Data for this exercise:
——
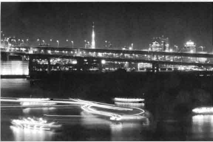
屋形船の航跡

天気は上々。風もほとんどない。このところの寒さがうそのように暖かい。最高の撮影日和になるぞ、と参加の会員は気持ちも軽い。撮影ポイントは夜のお台場。ターゲットには事欠か
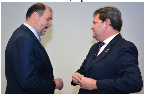
Alex Canziani, deputal federal

"A gente precisa do apoio do governo federal na manutenção das nossas universidades estaduais e o Aldo está bem preparado para buscar o reconhecimento do que as instituições têm realizado"
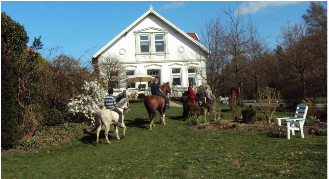
Рис. 2.10 - Готель Hof Auf Der Wurp

На фермі є обслуговування номерів, ви можете безкоштовно взяти напрокат велосипеди, а також покататися на конях, а навколишню багату сільську місцевість, повну низьких зелених полів і численних каналів, є багато цікавого для вивчення на конях або велосипедах.
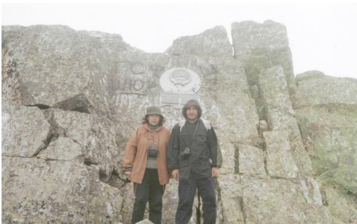
Фото 10. Герб Башкортостана на в. Б. Ирмель.
——
Quote all of the entries word for word, omitting any pictures.

Reply:
屋形船の航跡

天気は上々。風もほとんどない。このところの寒さがうそのように暖かい。最高の撮影日和になるぞ、と参加の会員は気持ちも軽い。撮影ポイントは夜のお台場。ターゲットには事欠か
Alex Canziani, deputal federal

"A gente precisa do apoio do governo federal na manutenção das nossas universidades estaduais e o Aldo está bem preparado para buscar o reconhecimento do que as instituições têm realizado"
Рис. 2.10 - Готель Hof Auf Der Wurp

На фермі є обслуговування номерів, ви можете безкоштовно взяти напрокат велосипеди, а також покататися на конях, а навколишню багату сільську місцевість, повну низьких зелених полів і численних каналів, є багато цікавого для вивчення на конях або велосипедах.
Фото 10. Герб Башкортостана на в. Б. Ирмель.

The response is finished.